What the task requires: What the answer must contain is every line of the records, exactly, with no pictures.

:: Entries provided ::

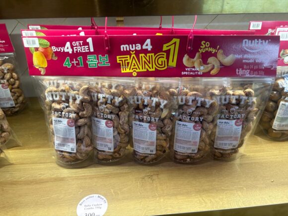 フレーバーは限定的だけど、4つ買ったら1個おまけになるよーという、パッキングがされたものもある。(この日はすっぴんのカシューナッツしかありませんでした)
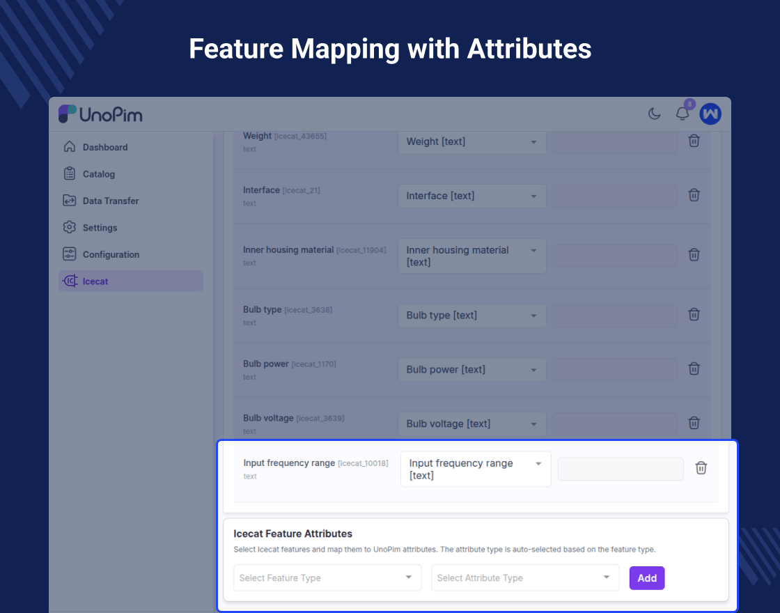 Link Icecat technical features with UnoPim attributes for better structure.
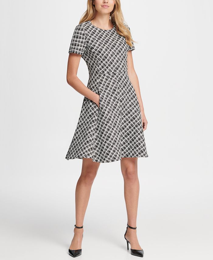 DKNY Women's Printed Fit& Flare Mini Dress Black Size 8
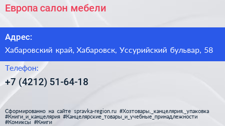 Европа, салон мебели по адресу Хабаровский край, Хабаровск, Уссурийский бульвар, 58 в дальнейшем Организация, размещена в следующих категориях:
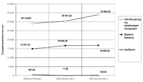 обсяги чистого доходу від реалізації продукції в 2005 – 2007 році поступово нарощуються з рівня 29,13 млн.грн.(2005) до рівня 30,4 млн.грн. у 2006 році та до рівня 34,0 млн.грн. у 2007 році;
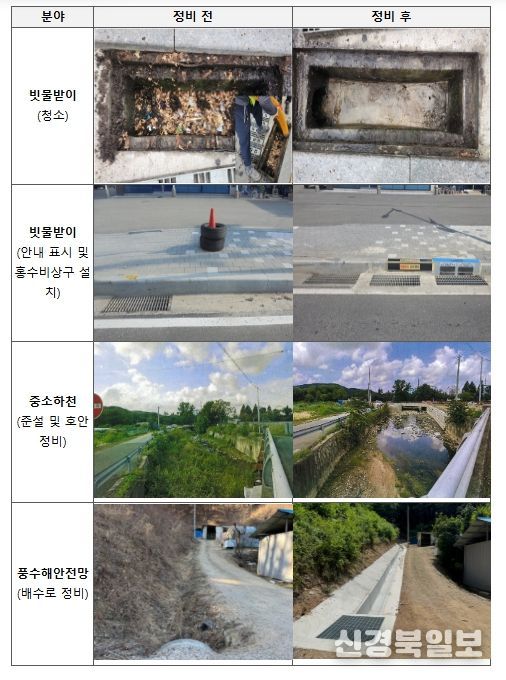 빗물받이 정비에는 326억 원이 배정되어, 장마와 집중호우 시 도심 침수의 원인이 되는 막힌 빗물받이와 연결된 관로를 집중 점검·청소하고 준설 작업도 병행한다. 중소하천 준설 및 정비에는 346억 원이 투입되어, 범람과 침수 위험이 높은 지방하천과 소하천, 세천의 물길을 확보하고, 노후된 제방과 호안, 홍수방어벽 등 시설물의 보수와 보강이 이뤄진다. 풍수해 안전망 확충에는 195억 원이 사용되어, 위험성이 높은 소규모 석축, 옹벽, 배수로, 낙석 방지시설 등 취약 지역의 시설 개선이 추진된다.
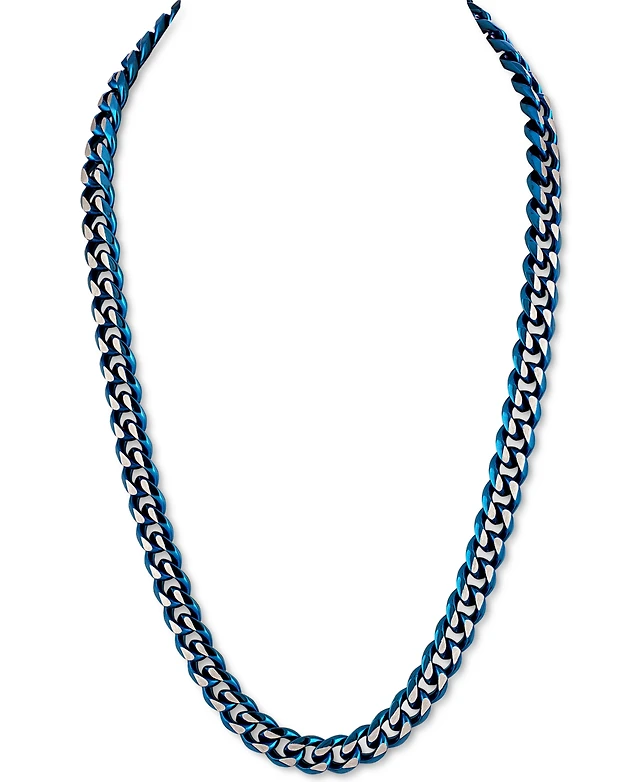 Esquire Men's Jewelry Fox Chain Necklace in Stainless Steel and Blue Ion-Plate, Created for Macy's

:::

Response:
 フレーバーは限定的だけど、4つ買ったら1個おまけになるよーという、パッキングがされたものもある。(この日はすっぴんのカシューナッツしかありませんでした)
 Link Icecat technical features with UnoPim attributes for better structure.
 DKNY Women's Printed Fit& Flare Mini Dress Black Size 8
 Европа, салон мебели по адресу Хабаровский край, Хабаровск, Уссурийский бульвар, 58 в дальнейшем Организация, размещена в следующих категориях:
 обсяги чистого доходу від реалізації продукції в 2005 – 2007 році поступово нарощуються з рівня 29,13 млн.грн.(2005) до рівня 30,4 млн.грн. у 2006 році та до рівня 34,0 млн.грн. у 2007 році;
 빗물받이 정비에는 326억 원이 배정되어, 장마와 집중호우 시 도심 침수의 원인이 되는 막힌 빗물받이와 연결된 관로를 집중 점검·청소하고 준설 작업도 병행한다. 중소하천 준설 및 정비에는 346억 원이 투입되어, 범람과 침수 위험이 높은 지방하천과 소하천, 세천의 물길을 확보하고, 노후된 제방과 호안, 홍수방어벽 등 시설물의 보수와 보강이 이뤄진다. 풍수해 안전망 확충에는 195억 원이 사용되어, 위험성이 높은 소규모 석축, 옹벽, 배수로, 낙석 방지시설 등 취약 지역의 시설 개선이 추진된다.
 Esquire Men's Jewelry Fox Chain Necklace in Stainless Steel and Blue Ion-Plate, Created for Macy's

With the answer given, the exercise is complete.